Cerebras Systems builds the world's largest AI chip, 56 times larger than GPUs. Our novel wafer-scale architecture provides the AI compute power of dozens of GPUs on a single chip, with the programming simplicity of a single device. This approach allows Cerebras to deliver industry-leading training and inference speeds and empowers machine learning users to effortlessly run large-scale ML applications, without the hassle of managing hundreds of GPUs or TPUs. The Cerebras AI cluster management software is a strategic software product initiative intended to deliver Cerebras’s high performance AI benefits to on-premises customers and sovereign/neo clouds. Cerebras cluster management is intended to simplify deployment and maintenance for platform operators, making it easier to manage complex AI infrastructure at scale.
Requirements
- 5+ years of product management experience, preferably in infrastructure observability and security domains.
- Expert knowledge of security tools such as IAM, IDP, SIEM, Key management systems.
- Expert knowledge of observability solutions such as Prometheus, Grafana, log management systems, observability management systems.
- Familiarity with cluster orchestration tools and concepts (e.g., Kubernetes).
- Strong ability to think at the API and platform layers, designing solutions for operator workflows.

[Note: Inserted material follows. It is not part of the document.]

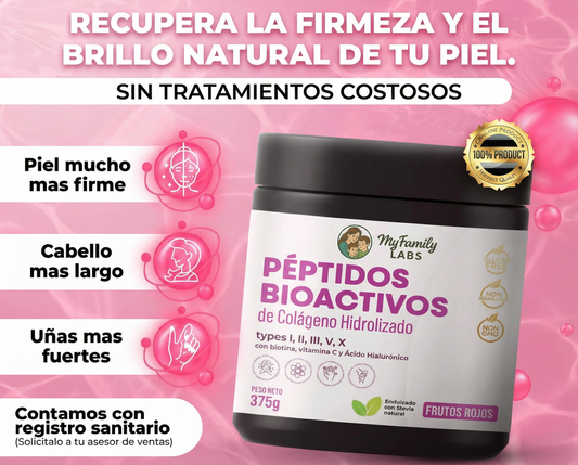 Péptidos Bioactivos de Colágeno Tipo I,II,III,V, X con Biotina, Ácido hialurónico, vitamina c (375 gr)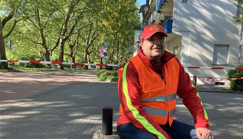 9:04 Uhr: Satte Beats als Ansporn für die Läufer: Ingo Krämer von der DLRG passt bei der Götzenturmbrücke der Strecke auf und hat einen Lautsprecher mitgebracht.

- Technical background (e.g., computer science, engineering) or the ability to engage deeply with engineering teams.
- Experience in enterprise software, cloud infrastructure, or AI/ML platforms.
Responsibilities
- Define and deliver a world-class cluster management experience with a focus on observability, management, monitoring and security.
- Collaborate with engineering to design reliable, scalable solutions and APIs tailored to cluster operator workflows.
- Develop a deep understanding of cluster operator needs through user and market research.
- Communicate product updates and roadmap progress clearly to internal and external stakeholders.
Other
- Excellent communication and collaboration skills, with the ability to work effectively across diverse teams.
- Proven ability to excel in a fast-paced, dynamic environment.
- Understanding of security and authentication principles in software systems.
- Familiarity with monitoring, telemetry, and fault tolerance in distributed systems.